#### [Requirement]
Strip out all images, then restate the data verbatim.

#### [Information supplied]
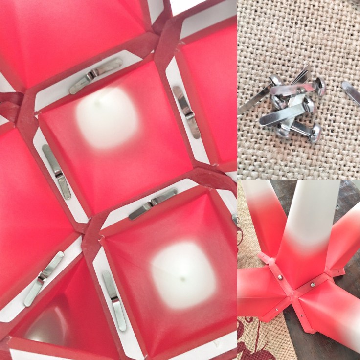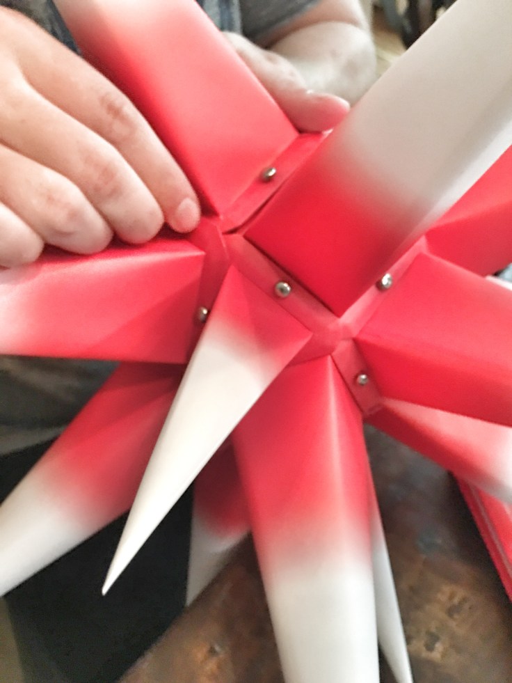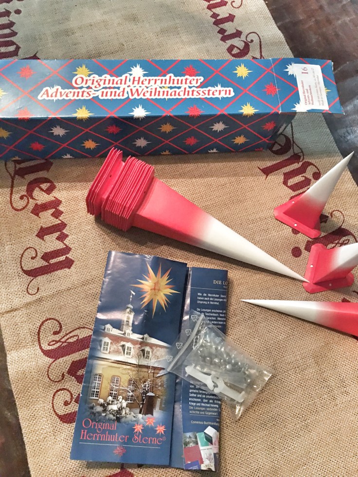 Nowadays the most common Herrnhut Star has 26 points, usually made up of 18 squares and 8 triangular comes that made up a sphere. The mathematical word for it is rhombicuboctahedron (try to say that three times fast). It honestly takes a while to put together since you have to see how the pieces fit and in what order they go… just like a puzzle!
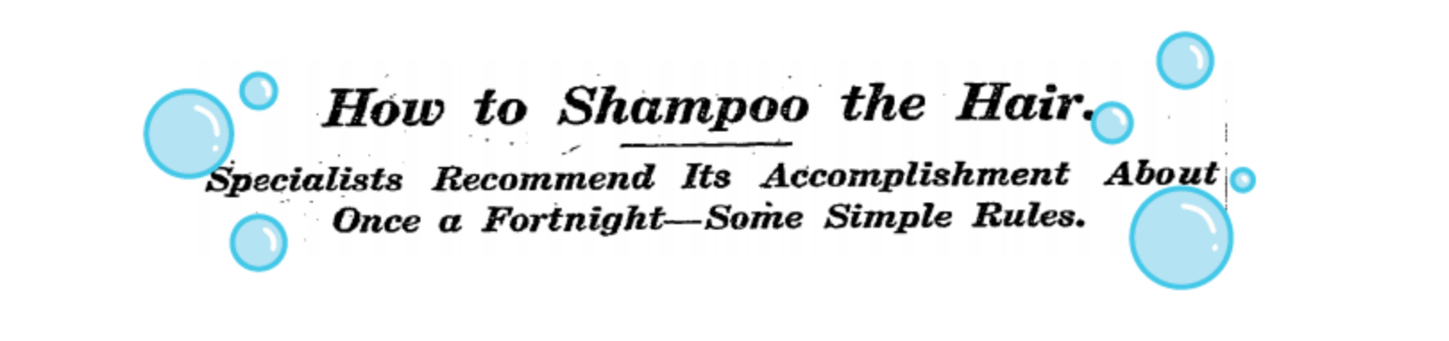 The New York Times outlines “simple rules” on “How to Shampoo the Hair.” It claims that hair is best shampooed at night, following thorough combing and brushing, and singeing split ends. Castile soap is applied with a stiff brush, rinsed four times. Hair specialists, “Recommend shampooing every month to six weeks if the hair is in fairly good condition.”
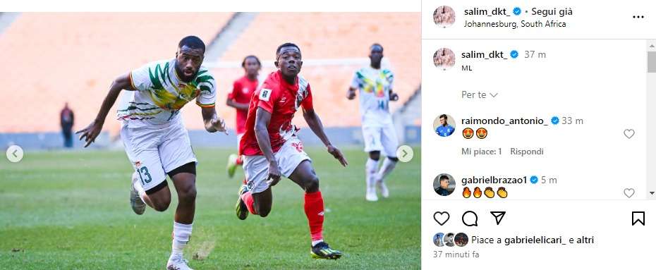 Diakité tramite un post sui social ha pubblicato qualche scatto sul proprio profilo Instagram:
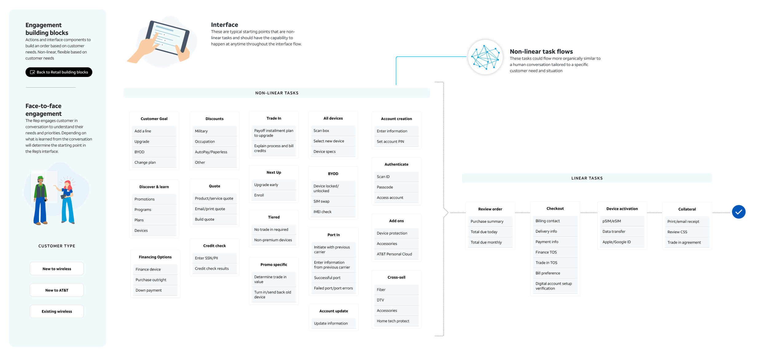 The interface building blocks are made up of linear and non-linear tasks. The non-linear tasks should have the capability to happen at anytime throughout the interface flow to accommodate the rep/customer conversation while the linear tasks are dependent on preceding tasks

#### [Finished exercise]
 Nowadays the most common Herrnhut Star has 26 points, usually made up of 18 squares and 8 triangular comes that made up a sphere. The mathematical word for it is rhombicuboctahedron (try to say that three times fast). It honestly takes a while to put together since you have to see how the pieces fit and in what order they go… just like a puzzle!
 The New York Times outlines “simple rules” on “How to Shampoo the Hair.” It claims that hair is best shampooed at night, following thorough combing and brushing, and singeing split ends. Castile soap is applied with a stiff brush, rinsed four times. Hair specialists, “Recommend shampooing every month to six weeks if the hair is in fairly good condition.”
 Diakité tramite un post sui social ha pubblicato qualche scatto sul proprio profilo Instagram:
 The interface building blocks are made up of linear and non-linear tasks. The non-linear tasks should have the capability to happen at anytime throughout the interface flow to accommodate the rep/customer conversation while the linear tasks are dependent on preceding tasks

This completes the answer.